◆ **WHAT YOU ARE ASKED TO DO**
Everything in the data below is left aside except the lines from the one containing "Em seguida, passe" through the one containing "Тканина двонитка колір"; repeat those exactly.

◆ **DATA FOR THIS EXERCISE**
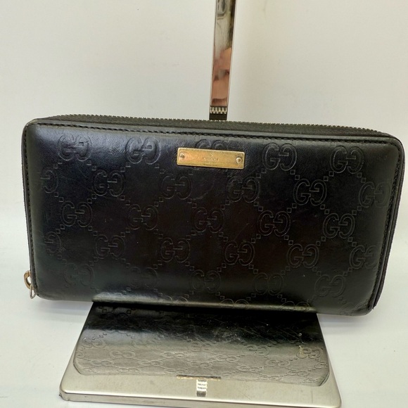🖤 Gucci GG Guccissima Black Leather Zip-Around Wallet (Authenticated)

==

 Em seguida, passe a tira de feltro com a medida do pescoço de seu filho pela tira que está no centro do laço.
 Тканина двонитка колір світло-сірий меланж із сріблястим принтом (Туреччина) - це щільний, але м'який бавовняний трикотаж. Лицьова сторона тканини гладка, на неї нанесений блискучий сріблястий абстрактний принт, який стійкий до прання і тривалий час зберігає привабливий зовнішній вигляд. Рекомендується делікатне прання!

...

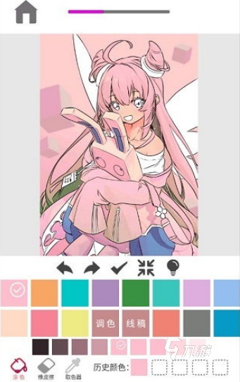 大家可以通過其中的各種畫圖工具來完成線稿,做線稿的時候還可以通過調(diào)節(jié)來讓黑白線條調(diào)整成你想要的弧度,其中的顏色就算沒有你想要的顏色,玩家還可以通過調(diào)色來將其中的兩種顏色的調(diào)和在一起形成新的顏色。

◆ **TASK RESPONSE**
 Em seguida, passe a tira de feltro com a medida do pescoço de seu filho pela tira que está no centro do laço.
 Тканина двонитка колір світло-сірий меланж із сріблястим принтом (Туреччина) - це щільний, але м'який бавовняний трикотаж. Лицьова сторона тканини гладка, на неї нанесений блискучий сріблястий абстрактний принт, який стійкий до прання і тривалий час зберігає привабливий зовнішній вигляд. Рекомендується делікатне прання!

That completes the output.